Cybersecurity firm Huntress notes that the patch does not address the vulnerability in Cleo software.

Hackers are reportedly actively exploiting another high-risk vulnerability in Cleo’s software, according to researchers at cybersecurity firm Huntress. The vulnerability is tracked as CVE-2024-50623 and affects a popular Cleo software that companies use to transfer files.

Patch doesn’t help

Cleo first disclosed this vulnerability in a security alert on October 30th. The company previously warned that the exploitation could result in code being executed remotely.
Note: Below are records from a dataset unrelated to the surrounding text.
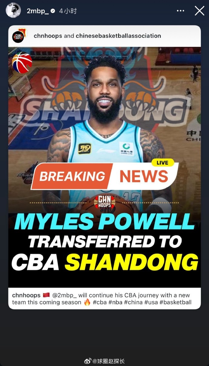 @球圈赵探长 在个人微博上写道:“鲍威尔已经自宣加盟山东男篮,这位效力过青岛男篮两个赛季的外援,新赛季将重返CBA。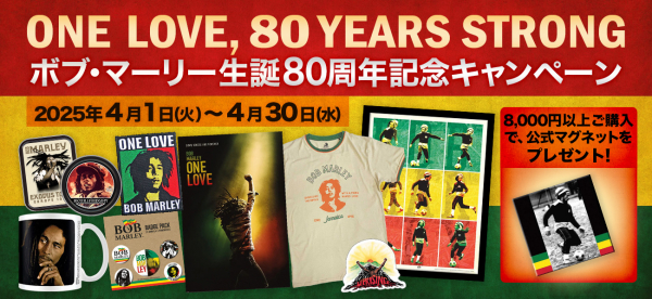 株式会社JAMSHOPPING(代表取締役:遠藤祐一/本社:東京都渋谷区)は、レゲエの伝説的アーティスト、ボブ・マーリーの生誕80周年を記念し、特別キャンペーン「One Love, 80 Years Strong」を、PGS公式オンラインストアにて2025年4月1日より開催いたします。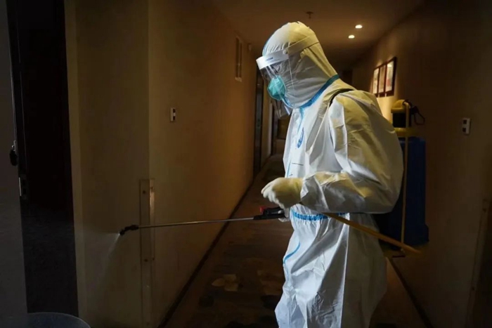 每天深夜,當賓客們沉沉睡去,閉環(huán)服務(wù)人員還要進行垃圾消毒清運工作。眾所周知,垃圾是病毒最容易傳播的媒介,為防止疫情傳播,閉環(huán)人員要對一袋袋垃圾進行全面消殺,然后再手動一袋袋地將垃圾送至目標場所,垃圾的異味常常令服務(wù)人員一陣陣作嘔,但大家沒有一句怨言。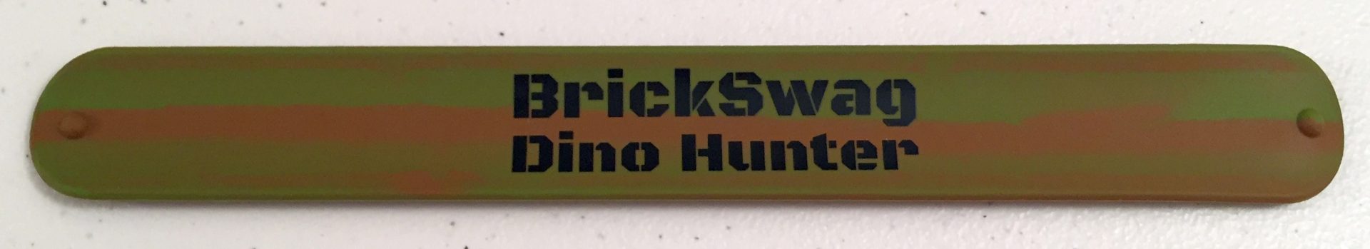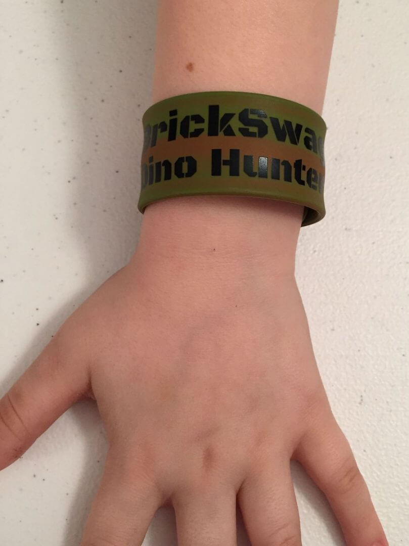 It’s a little crazy that they still make slap bracelets but they do! This is the BrickSwag Dino Hunter Slap Bracelet, modeled by our 7-year old who has decided he will keep it.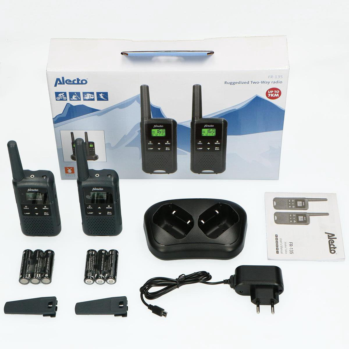 De Alecto FR-135 walkietalkie set is een ideale aanwinst voor outdoorsporten zoals mountainbiken, vissen of snowboarden. Voor bepaalde outdoorsporten is goed contact een zeer belangrijke factor. Deze handige walkietalkie set levert een betrouwbaar bereik tot wel 7 kilometer. De lange stand-bytijd van ongeveer 27 uur zorgt dat er lang mee kan werken voordat je de walkie walkie weer moet laden. Zo blijf je ook met elkaar in contact tijdens een langere campeertocht of autorit.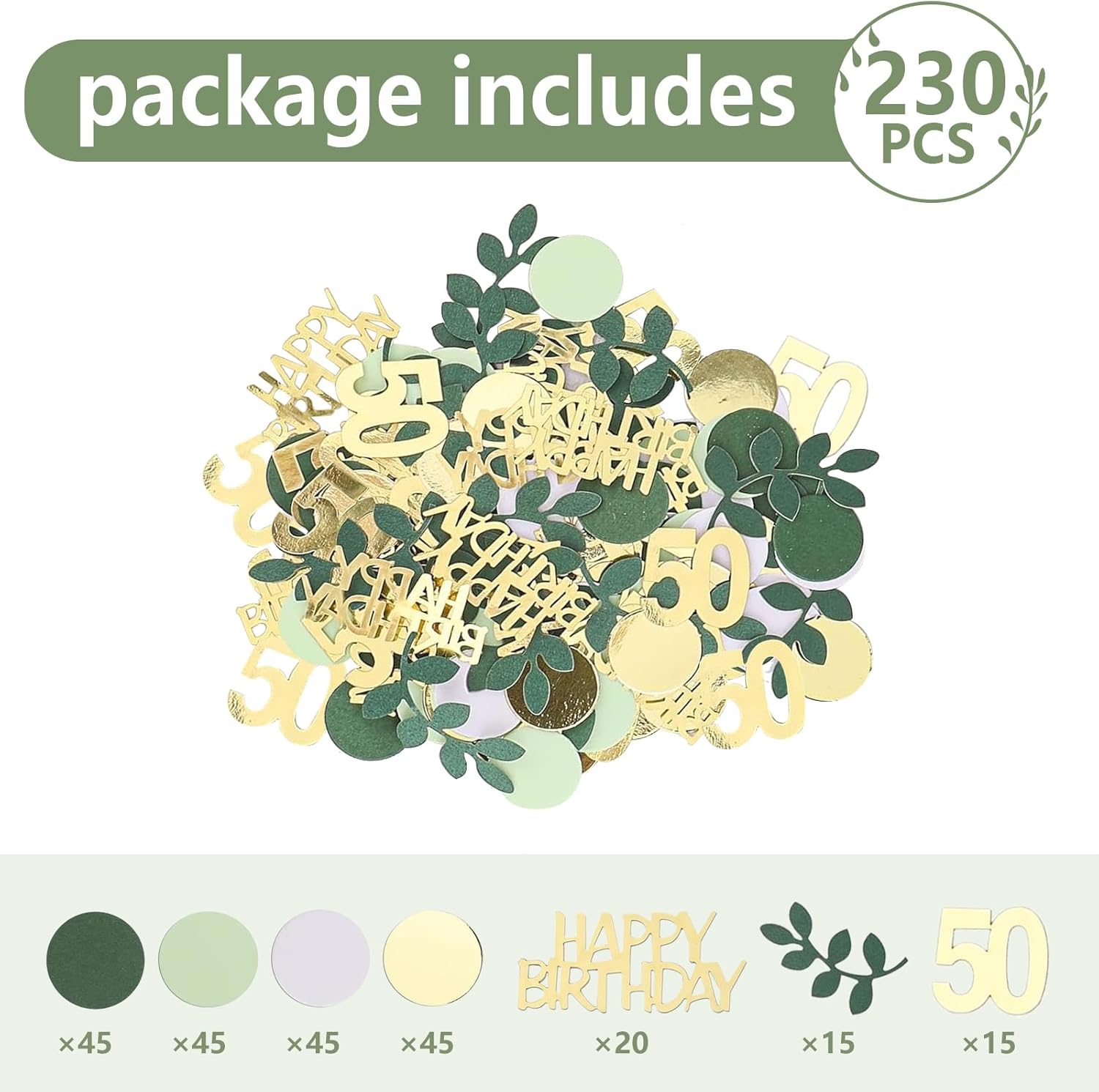 • 【YOU WILL GET】You will receive 50th Sage Green Gold Happy Birthday Confetti 230 pieces in 4 different colors (sage green, gold, white, dark green) green eucalyptus leaves and gold happy birthday, which can meet your various decoration needs.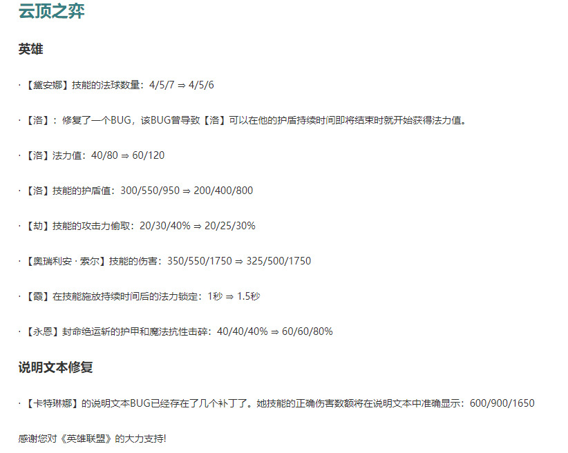 今天(1月27号)晚上5:30英雄联盟官网发布不停机维护公告。版本两大毒瘤棋子被削弱,喜大普奔。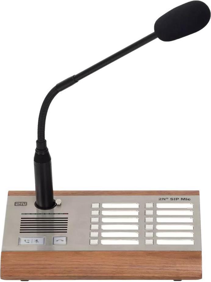 Die 2N SIP Mic ist eine komplette Zweiwegemikrofon-Konsole in einer Einheit. Zum Lieferumfang gehören ein hochwertiges Schwanenhalsmikrofon, zwölf konfigurierbare Tasten und ein integrierter Server für die Audioverwaltung. Sie benötigen weder einen separaten Server noch einen Zeitgeber, denn alles Erforderliche ist bereits in der Konsole enthalten. Die Konsole 2N SIP Mic lässt sich über ein Standardnetzwerk mit PoE leicht in Ihre AXIS-Netzwerklautsprecheranlage integrieren.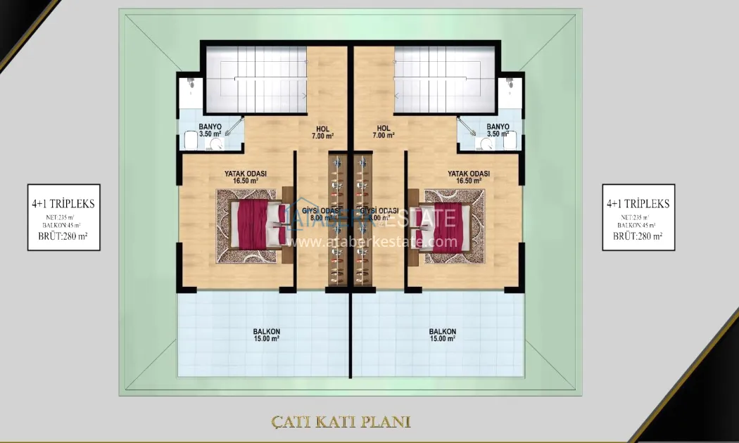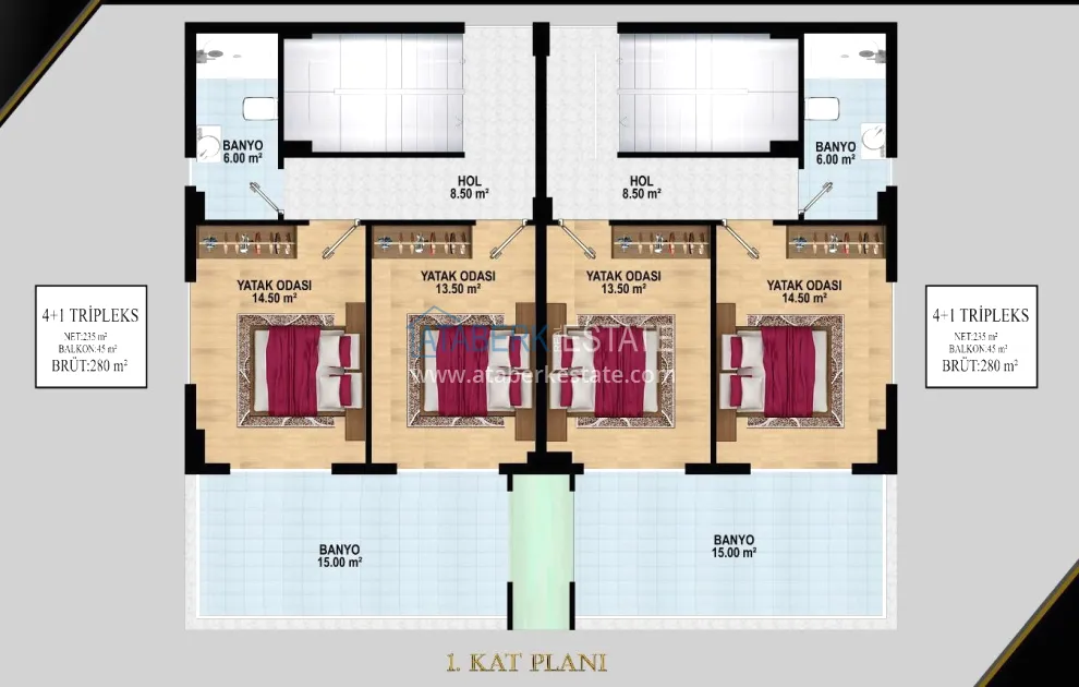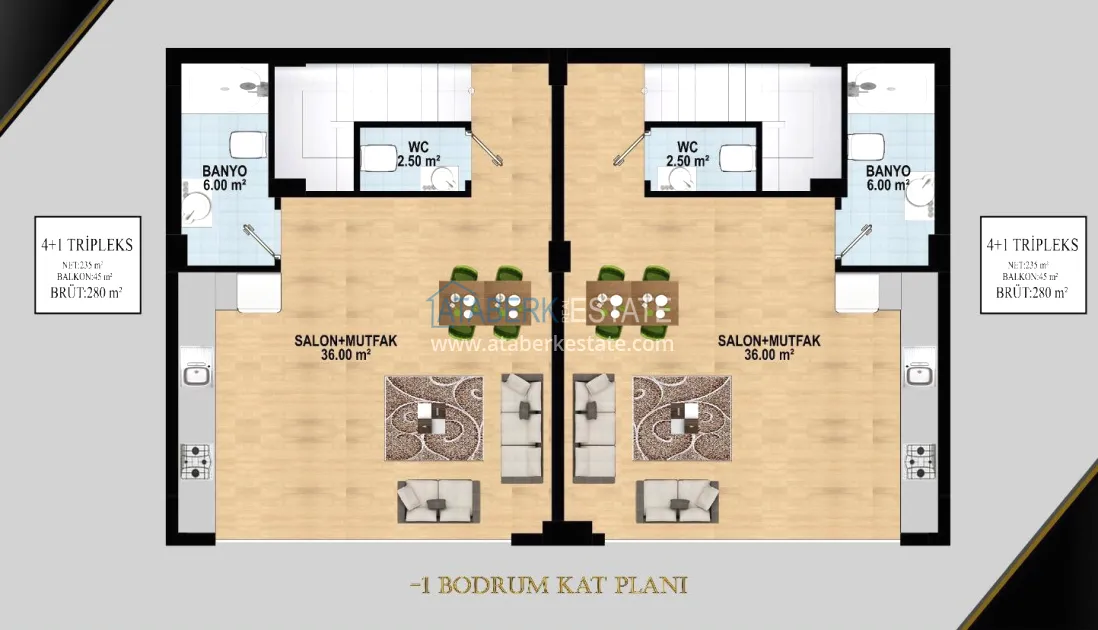 Вилла смежная, к продаже представлена одна из частей площадью 280 м2, планировки 3+2 – три спальни, две гостиные с кухнями американского типа, три санузла, два балкона. В стоимость включено: полная чистовая отделка, встроенная кухонная мебель, укомплектованные санузлы.

This vulnerability affects Cleo’s LexiCom, VLTransfer and Harmony tools. The company has released a patch for this.

However, cybersecurity firm Huntress warned that the patch did not fix the problem and that it had observed “massive abuse of the software by threat actors” since December 3. Security researcher John Hammond said in a statement to TechCrunch: “Cleo protects more than 1,700 LexiCom, VLTransfer and Harmony servers – and has discovered at least 24 companies whose servers have been compromised.”

Currently, affected companies vary widely, ranging from consumer products to logistics and shipping organizations to food suppliers, according to Huntress’ blog. Other customers are also at risk of being hacked.

The threat actor behind these attacks is not yet known. Huntress advises customers to place all Internet-facing systems behind a firewall until Cleo releases a new, working patch.